If someone decided to make a documentary about those mothers who go on Dr. Phil to talk about how their young child is trying to stab them in their sleep, it would probably look something like Katrin Gebbe’s Pelican Blood. It’s an incredibly effective drama about how children’s actions have powerful effects on a family, about a mother’s resilience, and the desperate lengths she goes through to save her family.

The German-language film follows Wiebke (Nina Hoss), a single mother who owns a horse training facility for riot police. She has an adopted daughter, Nicolina (Adelia-Constance Ocleppo), and the film’s first half highlights Wiebke’s desire and success in adopting another little girl, Raya (Katerina Lipovska). Both of her little girls bond quickly, and they seem to be the perfect family, but it’s clear that there’s something wrong. Darkness follows Raya, as indicated by the look in Wiebke’s horses’ eyes and in their restlessness in the night. They’re spooked, and it’s not long before the rest of the family is, too.

Horror comes with the piercing screams of Nicolina as Raya attacks her. She’s seemingly a nod to The Bad Seed as she tears their room apart, throws tantrums, and screams at the top of her lungs for hours. She rarely speaks, but instead growls like an animal. What Lipovska achieves here may just be the best performance by a child actor ever. Lipovska has a natural ability to keep a sinister straight face. She’s frightening. Her family is afraid of her, and so is the audience. There’s something dark behind Raya’s eyes, and she hints that her actions aren’t her own; there’s an unseen evil force at play.

Pelican Blood goes from The Bad Seed to The Omen meets The Babadook quite quickly, but the horror comes and goes in this genre mishmash. It’s a well-executed slow-burn drama that’s not full-blown horror, but the fact that it lingers in the background creates an unnerving sense of unease and suspense. Raya can explode at any moment. Her psychopathic tendencies are tearing Wiebke’s home apart, and the mother herself as well. The desperation and strength of a mother’s love are felt in Hoss’ performance. Wiebke is desperate to make Raya love her, but in this desperation she is inadvertently straining her relationship with Nicolina, affecting her work and other relationships. She’s falling apart physically and mentally, but refuses to give up. Hoss’ performance has a subtlety to it that manages to create the necessary emotional impact.

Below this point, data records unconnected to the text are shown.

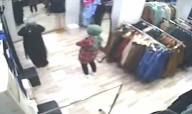 Karabük'te bir giyim mağazasındaki hırsızlık anları güvenlik kamerasına yansıdı.
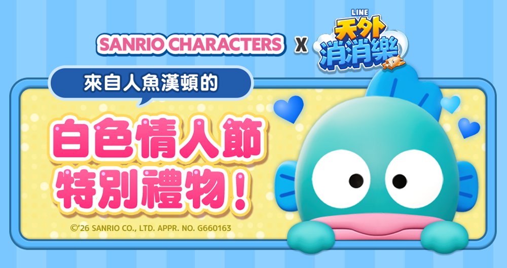 活动期间内,「人鱼汉顿」将会向大家发送白色情人节礼物,只要加入《LINE 天外消消乐》的 LINE 官方帐号,就能领取特别礼物喔!
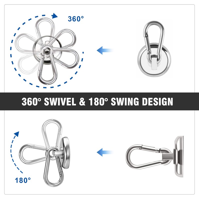 - Durable material: magnetic hook is made of neodymium magnet strong, metal cover, rotating parts and carabiner, compact structure, light weight, strong force, can be strongly attracted to iron, steel, nickel and other ferromagnetic materials.

The evil unseen force, the demonic energy inside Raya, is downplayed most of the film until the third act, which prevents Pelican Blood from being a perfect achievement. The third act is rushed, as it piles on all the horror that’s been building up for most of the film. This drastic shift in tone feels like Gebbe’s desperate attempt to cement the film in the horror genre. As a result, the emotional payoff wanes.

There’s no denying the beauty in Moritz Schultheiß’s cinematography, and the way the film cleverly plays with shadow and sound helps build the lingering tension. The performances are also a standout, but what really makes the film is its use of symbolism. An ancient legend of a mother pelican striking her breast in order to revive her dying young with her blood is rooted in Catholicism and is referenced in the film. Raya is essentially the dead chick that Wiebke must keep alive, and Pelican Blood is certainly a unique addition to the already long list of narratives that demonstrate the power of a mother’s love.